Rezension

spannender historischer Krimi

Isenhart - Holger Karsten Schmidt

Isenhart
von Holger Karsten Schmidt

Bewertet mit 5 Sternen

Man schreibt das Jahr 1171 in dem Isenhart geboren wurde. Allein seine Geburt birgt ein Geheimnis: Vater unbekannt, die Mutter gab bei der Geburt ihr Leben. Auch Isenhart ist leblos und wird von der Hebamme für tot erklärt. Ein Fremder taucht auf und haucht ihm seinen Atem ein, einen Teil seiner Seele. Wenige Minuten am Leben wird sein Lebenslicht abermals ausgelöscht und wieder entflammt, diesmal durch den Atem von Walther von Ascisberg.

Isenhart wächst als Sohn des Pinkepanks auf in dem Glauben, sein leiblicher Sohn zu sein. Doch Isenhart ist anders als die Menschen in seiner Umgebung, er ist wissenshungrig und neugierig und unterscheidet sich dadurch von den anderen. Ihm wird etwas zuteil, das damals nur Adligen und Kirchendienern vorbehalten war und zu dem das gemeine Volk keinen Zugang hatte: Bildung. Er wird zusammen mit Konrad von Laurin, dem Sohn des Burgherren unterrichtet, Lesen, Schreiben, Mathematik und Philosophie stehen auf seinem Stundenplan. Konrad wird im Lauf der Jahre trotz des Standesunterschieds zu einem guten Freund, in Konrads Schwester Anna verliebt sich Isenhart. Doch Anna wird brutal ermordet...

"Isenhart" ist ganz ganz großes Kino und für mich das Buch des Jahres 2011. Ein Buch, bei dem die Charaktere authentisch und vielschichtig sind und nicht einfach in Gut und Böse, in Schwarz und Weiss unterteilt werden. Charaktere mit Stärken und Schwächen, mit denen man sich identifizieren kann und sie durch Glück und Leid begleitet.
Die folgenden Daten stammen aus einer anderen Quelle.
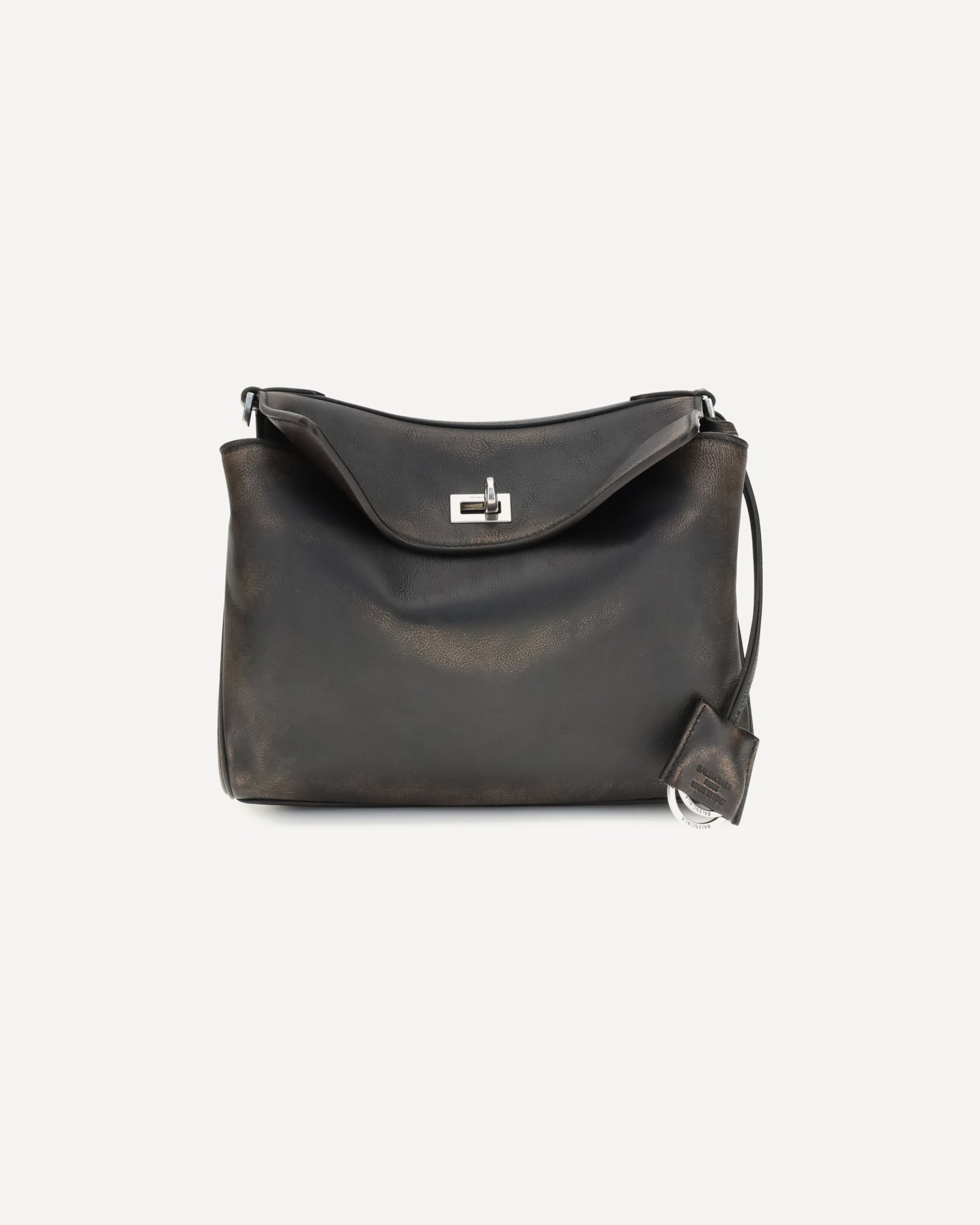 Balenciaga's Rodeo small Shoulder Bag, designed for the modern man, is crafted from two-tone calfskin with a distressed effect, giving it a bold, contemporary feel. The messenger design is complemented by an adjustable and removable car-belt-style shoulder strap, complemented by a second leather shoulder strap for added versatility. Featuring a practical twist lock closure, it features a spacious main compartment, interior and exterior pockets, and functional details such as a removable key ring, side snaps, and brass feet. Antique silver hardware adds a distinctive touch. DETAILS - Sku: 8275832ABWZ_9862 - Season: AW25 - Dimension: 24x24x11 - Composition: GENERAL 100% Lamb Ovis Aries Aries - MADE IN ITALY

Sehr gut wird die Éntwicklung Isenharts geschildert, sein unendlicher und unstillbarer Durst nach Wissen, seine Intelligenz und die Fähigkeit Zusammenhänge zu erkennen, womit er seiner Zeit weit voraus ist. Und doch auch seine Einsamkeit, da er außer seinem Mentor Walther keinen Menschen hat, mit dem er sich über seine Gedanken austauschen kann. Denn zur damaligen Zeit war es nicht ungefährlich, Wissen zu erlangen. Die Allmacht Gottes, besser gesagt der Kirche wollte die Menschen arbeitend und beschäftigt sehen und nicht Fragen nachgehend, die "Gottes Allmacht" in Frage stellen könnten.

Die vielen Kleinigkeiten und Nebenhandlungen lassen Isenharts Welt vor dem Auge des Lesers entstehen, bunt und lebhaft, es ist kein Buch das man einfach nur liest, sondern ein Buch das man erlebt, eben Kopfkino. Ein Buch das Emotionen weckt, Freude, Wut, Trauer, alles ist dabei. Ganz nebenbei erfährt man wo Redewendungen ihren Ursprung haben, Redewendungen die auch heute noch gebräuchlich sind wie "alles in Butter" oder "halt die Klappe".

Isenhart ist ein anspruchsvolles Buch, es auf die Jagd nach dem Mörder zu reduzieren würde ihm nicht gerecht werden. Es liest sich flüssig, allerdings sollte man sich für die Lektüre Zeit nehmen, denn die Seiten sind gespickt mit einer Fülle an Informationen und Begebenheiten die erst einmal verarbeitet werden müssen. Und doch zieht sich durch das gesamte Buch eine Spannung, die nicht nur auf die Morde und die Jagd nach dem Täter begrenzt ist. Es ist spannend Isenharts Entwicklung mitzuerleben, seine Überlegungen, Erlebnisse, die Reise und... und... und. Ein Buch von dem ich keine einzige Seite missen möchte, keine der über 800 Seiten war zuviel oder unnötig.

Ich weiß schon jetzt dass "Isenhart" einen festen Platz in meinem Bücherregal einnimmt und ich das Buch mit einigem Abstand nochmals lesen werde, weil es so wundervoll ist in diese längst vergangene Welt Isenharts einzutauchen.